• _WHAT NEEDS TO BE DONE_: Both the line below containing "Heater-A/C Control Switch" and the line containing "Слайд 18Результаты работы", along with every line between them, should be repeated exactly; no other line belongs in the answer.

RECORDS PROVIDED section start

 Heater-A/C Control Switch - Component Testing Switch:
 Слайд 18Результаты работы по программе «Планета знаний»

RECORDS PROVIDED section end
RECORDS PROVIDED section start

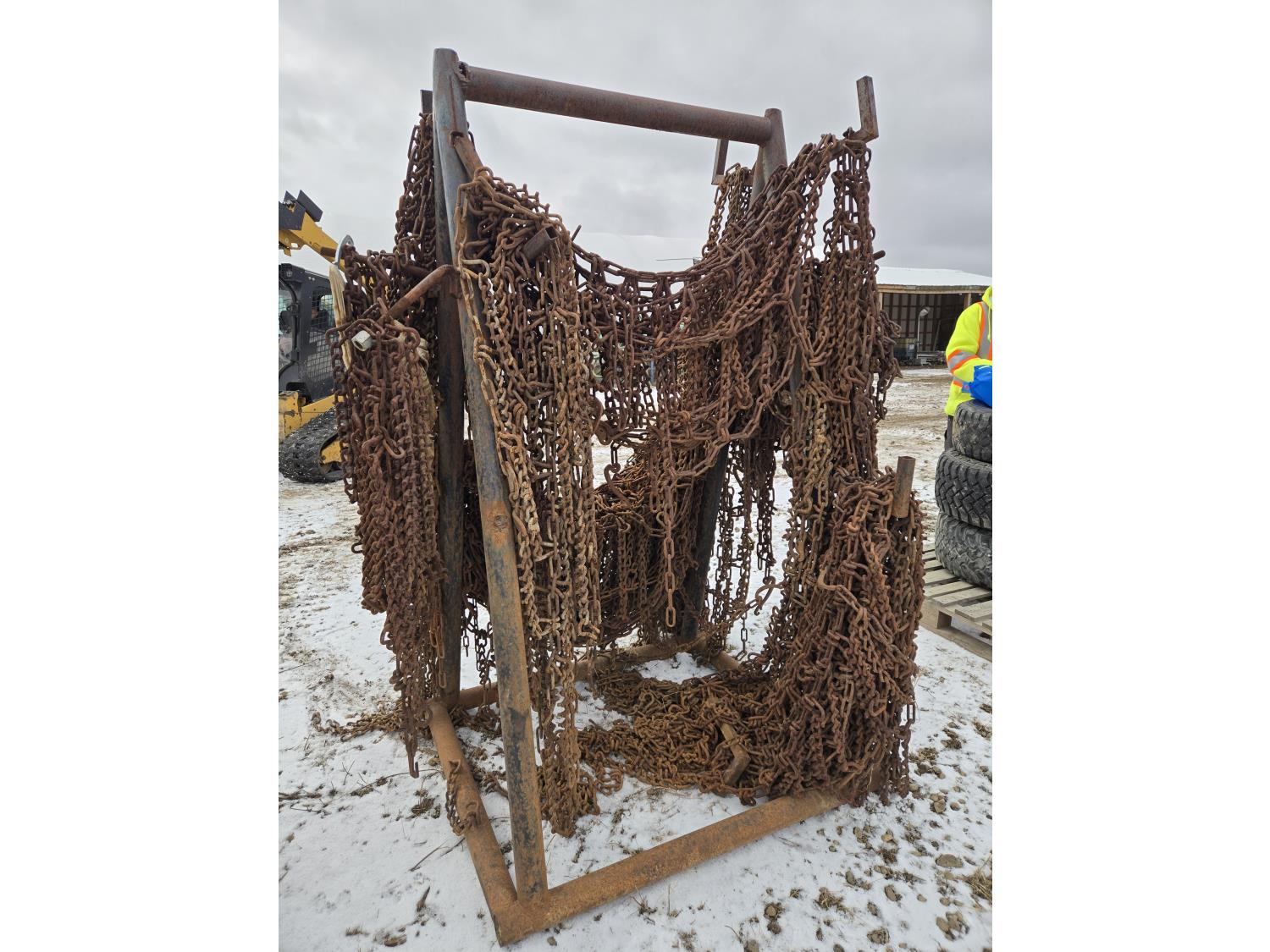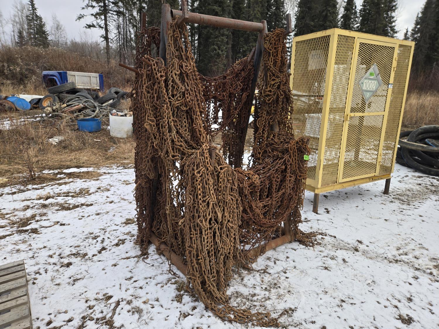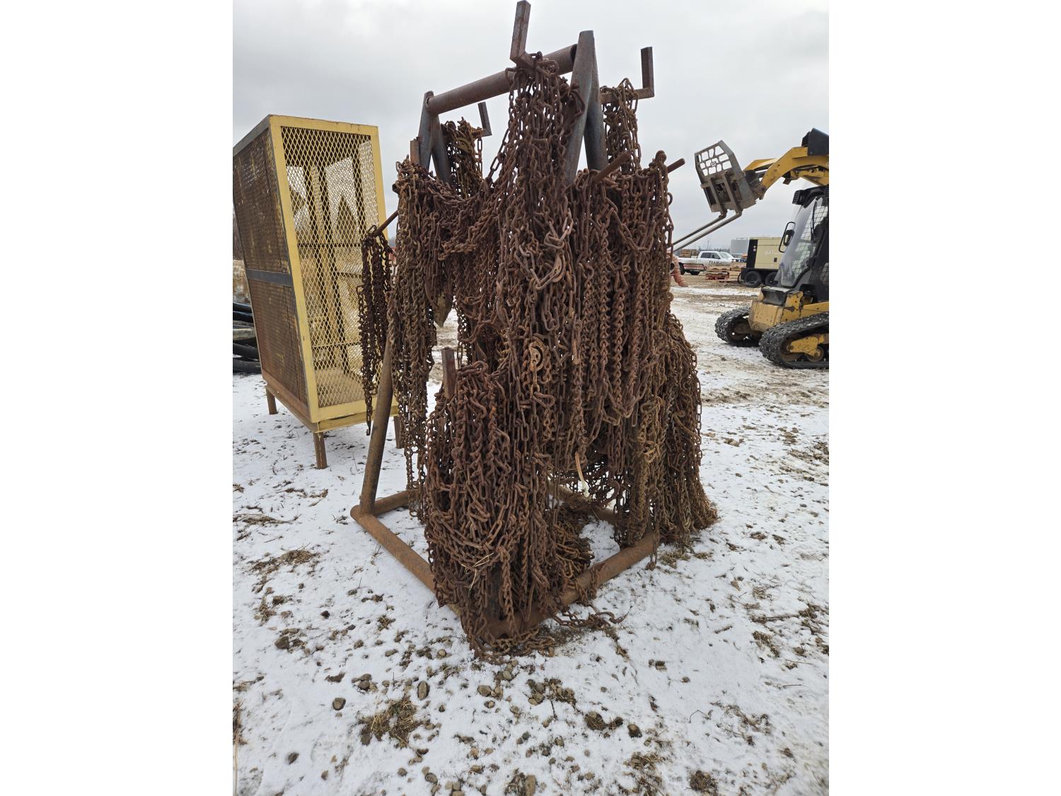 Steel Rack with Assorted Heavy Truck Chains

RECORDS PROVIDED section end
RECORDS PROVIDED section start

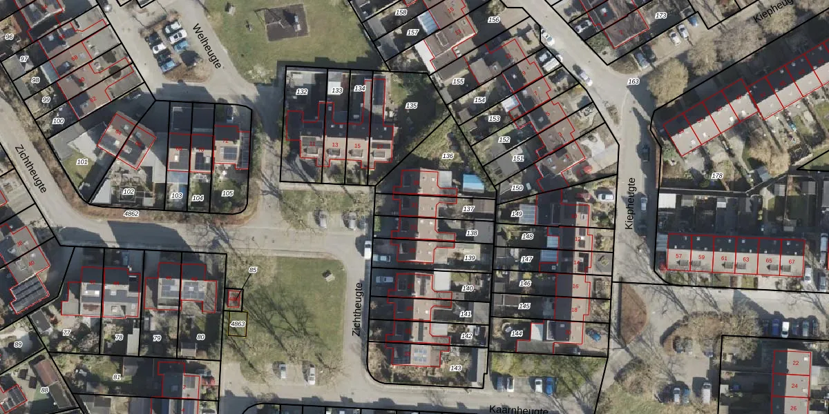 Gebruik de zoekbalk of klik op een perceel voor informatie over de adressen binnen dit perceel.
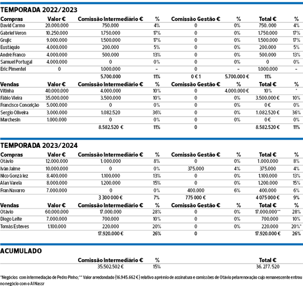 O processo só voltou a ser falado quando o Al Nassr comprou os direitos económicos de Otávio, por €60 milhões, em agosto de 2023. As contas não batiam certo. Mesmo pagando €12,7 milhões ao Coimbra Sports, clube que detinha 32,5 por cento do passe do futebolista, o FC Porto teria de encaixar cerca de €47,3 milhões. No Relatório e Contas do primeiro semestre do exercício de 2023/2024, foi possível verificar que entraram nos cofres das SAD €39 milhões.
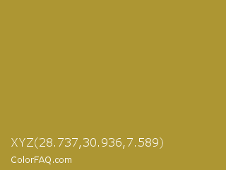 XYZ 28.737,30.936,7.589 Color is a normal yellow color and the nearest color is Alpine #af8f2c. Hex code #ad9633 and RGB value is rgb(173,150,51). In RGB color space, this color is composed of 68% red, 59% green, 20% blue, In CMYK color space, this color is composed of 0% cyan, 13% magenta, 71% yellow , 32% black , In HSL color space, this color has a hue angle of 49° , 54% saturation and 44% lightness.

RECORDS PROVIDED section end

• _WRITTEN SOLUTION_:
 Heater-A/C Control Switch - Component Testing Switch:
 Слайд 18Результаты работы по программе «Планета знаний»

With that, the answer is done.